In regard to security updates, the iOS has followed a general theme: removal of arbitrary code execution vulnerabilities. (Such vulnerabilities are found in parts of the iOS system that are crucial to the operation of the most basic components.) Essentially, Apple fixed the faulty code [of the programs that receive input and produce output] to block attackers from taking over a phone whose user is simply viewing a picture. Apple accomplished this by correcting vulnerabilities in CoreGraphics, FreeType and WebKit. Since all of the aforementioned pieces of software are components of the web browser (although they are not limited to that use) the user will now be more protected on the web, when dealing with images (CoreGraphics) and plain old - javascript or non-javascript inclusive - HTML pages (WebKit and FreeType.)
(Click here for a description of WebKit, FreeType, and CoreGraphics)

Apple added some nice features that revolve around wireless interaction of devices, giving the user more control. Put simply, the the addition of AirPlay and AirPrint makes the user's iOS device more interactive with other devices.
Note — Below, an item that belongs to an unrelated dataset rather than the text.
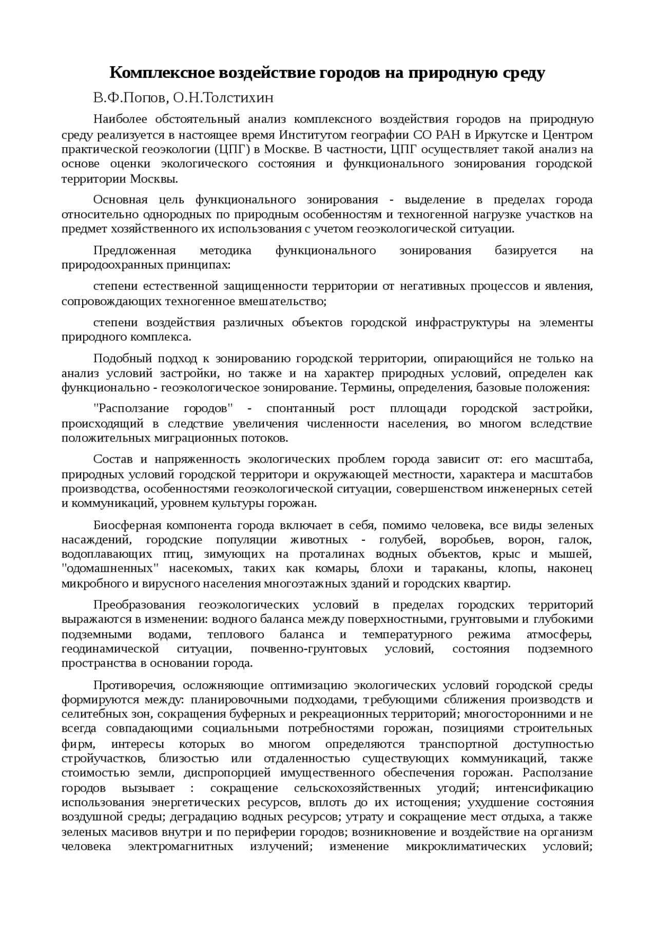 Комплексный анализ города

The AirPlay technology allows users to stream music throughout their entire house, assuming they have other devices such as an iMac or an AppleTV. For example, you can stream music directly from your iPod/iPhone/iPad to an AppleTV or other AirPlay-enabled devices. The Printing technology is pretty self-explanatory. Essentially, now you can print files from Mail, Safari, and Photos. (NOTE: Only some printers are automatically AirPrint-enabled; click for instructions on how to enable AirPrint for almost any printer connected to your Mac. You can type the URL into Google translate if you don't speak German.)

As for some simple tweaks, Apple changed around some icons (Voice Memos), allowed for different fonts in "Notes," and added a search-in-web-page function to Safari, amongst other things. The productivity just keeps on increasing at a rate, at which the adoption rate is not overwhelming.

The iPad update also received some long-awaited updates: Folders and Multi-tasking. Now apps can be grouped together into folders that can contain 12 applications each. The folder's are automatically named based on the category of the applications within it; however, the name can always be modified. The iPad has also received multi-tasking, allowing multiple applications to run at the same time. (Since the multitasking is implemented differently to cope with limited resources, please read my article in order to better understanding it's implementation.) The gap is bridging as productivity increases and limitations decrease.

Added to all iOS devices were keyboard and dictionary enhancements, as well as keyboards, languages, and more-advanced dictionaries. Better input equates to higher productivity for all devices.

In sum, the iOS 4.2 update furthers the transformation of the previous iOS devices into a device with capabilities closer to those of a desktop. The security updates protects your data (suitable for business world); AirPlay and Printing improves interaction among devices (suitable for students who have to complete assignments); the keyboard tweaks improve input on the devices (more efficient input for all); the iPad updates eradicate many of the iPad users biggest qualms; and, the Safari update makes finding and working with data easier (everyone). It is very possible that sometime in the near future, more people will be integrating their iOS devices into their lives and homes as they use it to write reports, take notes, research, and receive entertainment.